For severely sticky samples, a pre-treatment step helps. Incubate cells in 100 µg/mL DNase I (or 10 units/mL) with 5 mM magnesium chloride in balanced salt solution for 15–30 minutes at room temperature. Then resuspend in your working FACS buffer containing at least 1 mM magnesium chloride and 25–50 µg/mL DNase to keep aggregation under control throughout the staining and sorting process.
Adapting the Buffer for Sorting
Sorting puts cells under more physical stress than analysis. They pass through a narrow nozzle at high pressure, get charged with an electrical field, and are deflected into collection tubes. Your buffer needs to support viability through all of that.

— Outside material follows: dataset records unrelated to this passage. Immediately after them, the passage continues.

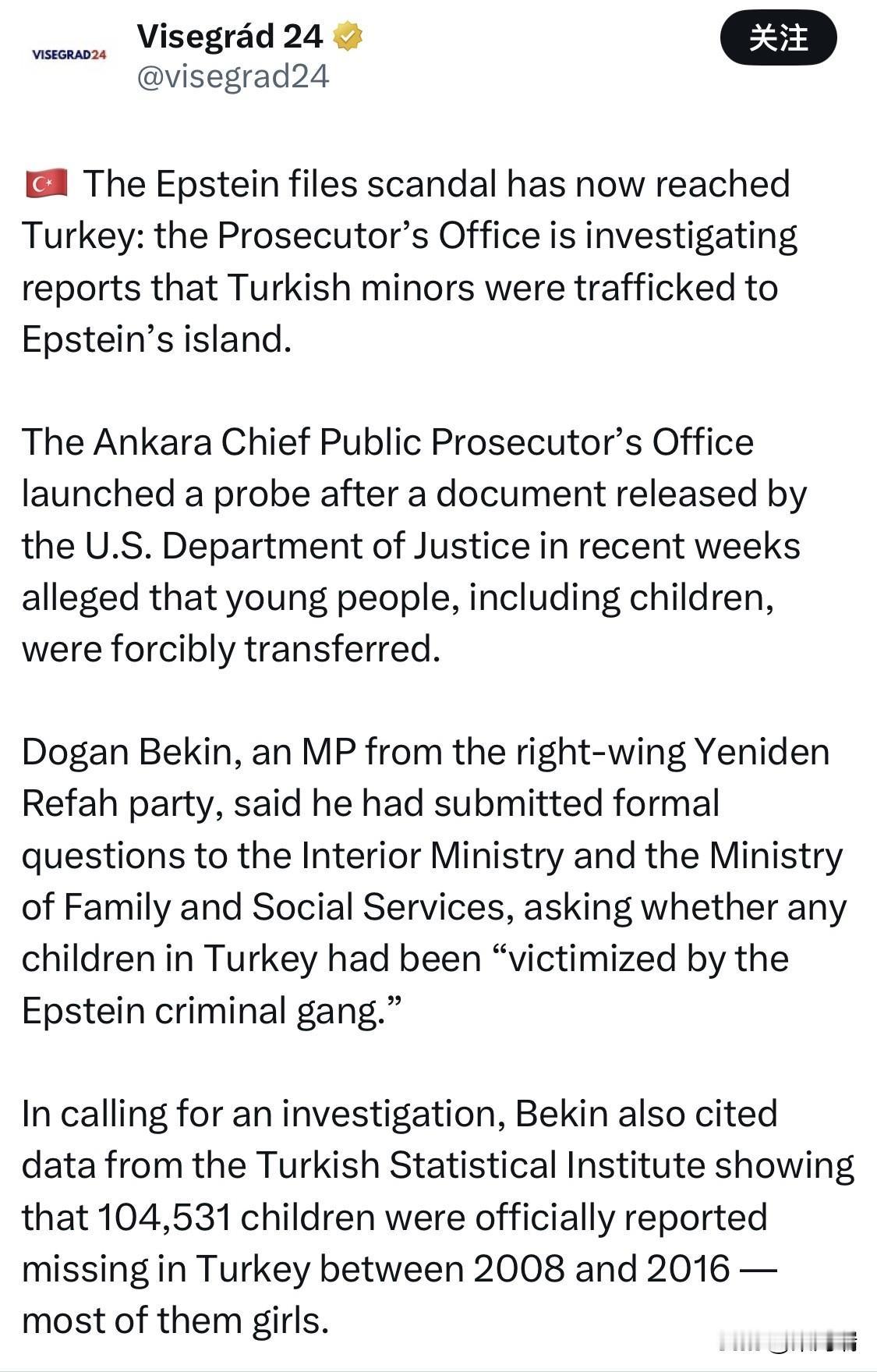 爱泼斯坦丑闻如今已蔓延至土耳其:检察官办公室正在调查有关土耳其未成年人被贩卖到爱泼斯坦岛屿的报道。 安卡拉首席检察官办公室在最近几周美国司法部公布的一份文件指控包括儿童在内的年轻人被强行转移后,展开了调查。 来自右翼政党“新曙光党”的议员多安·贝金表示,他已向内政部和家庭与社会服务部提交正式质询,询问土耳其是否有儿童“受到爱泼斯坦犯罪团伙的侵害”。 贝金在呼吁进行调查时,还引用了土耳其统计局的数据,数据显示,2008 年至 2016 年间,土耳其官方报告失踪儿童人数为 104,531 人,其中大部分是女孩。
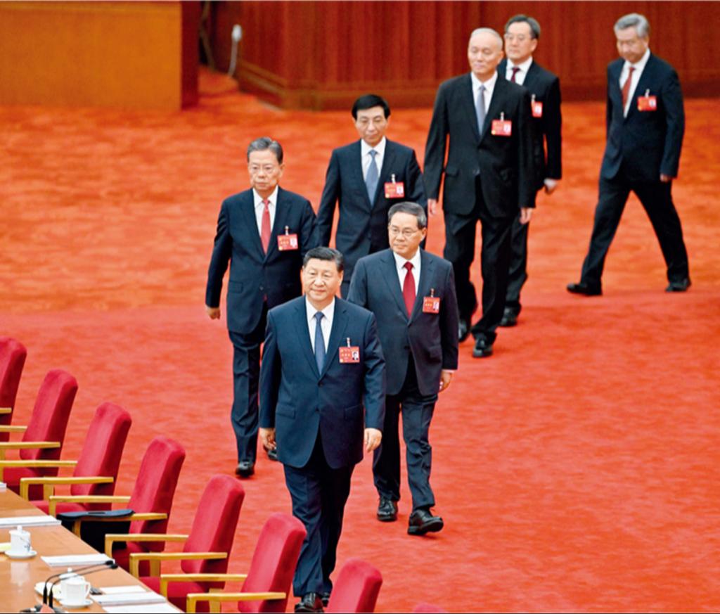 中国共产党第二十届中央委员会第三次全体会议,于2024年7月15日至18日在北京举行。这是习近平、李强、赵乐际、王沪宁、蔡奇、丁薛祥、李希等步入会场。新华社记者 岳月伟/摄
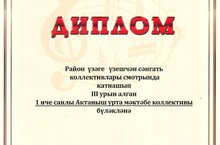 Мәктәбебез коллективы район үзәге үзешчән сәнгать коллективлары смотрында катнашып, III урын яулады һәм диплом белән бүләкләнде.
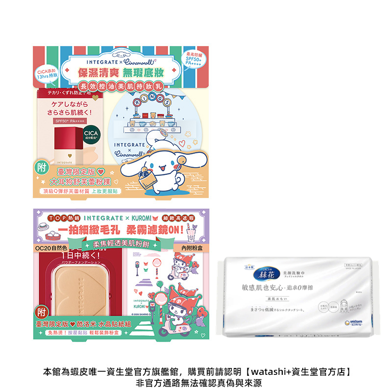 INTEGRATE 柔焦粉餅&持妝乳三麗鷗聯名組【watashi+資生堂官方店】粉餅 持妝乳
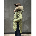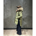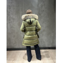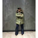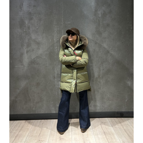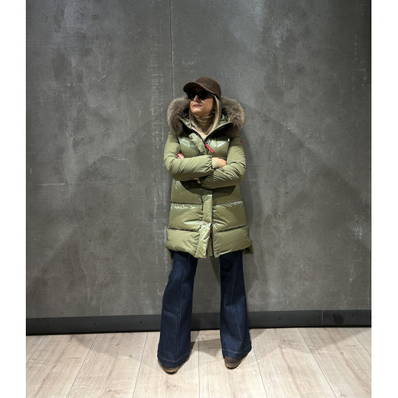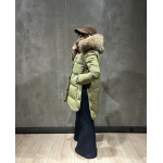 ASHERA plumas que destaca por su combinación única de tejidos con acabado brillante y mate, que aporta un elegante contraste visual. Aperturas laterales con botones. Su capucha está adornada con pelo original a tono, complementada por franjas blancas y negras que realzan su diseño sofisticado. Ideal para quienes buscan una prenda con estilo y personalidad en cada detalle.

Keep protein concentration on the lower end (0.1–1% BSA or 1–5% dialyzed FBS) to minimize autofluorescence while still cushioning cells. Use EDTA at 2–5 mM to prevent adhesion, unless your sample has high cell death, in which case switch to the DNase strategy described above. Leave out sodium azide. And filter everything: buffer, collection media, and any additives. A single fiber or crystal of undissolved salt can block the sort nozzle and shut down your experiment.
For the collection tube, fill it with a richer medium. Sorted cells land in a small volume at high velocity, and a cushion of culture medium with 10–20% FBS absorbs that impact and gives cells nutrients to start recovering immediately.
Storage and Shelf Life
FACS buffer with sodium azide stays usable at 4 °C for several weeks. Without azide, plan on one to two weeks maximum. Always store it cold, and bring it to the bench cold on the day of your experiment. If you see any cloudiness or floating particles, discard the batch and make fresh buffer. Protein-containing solutions are a good growth medium for bacteria, and contamination introduces particles that mimic cells on the cytometer.
For labs that use FACS buffer infrequently, making 100–200 mL at a time avoids waste. The preparation is quick enough that making it fresh every week or two is practical.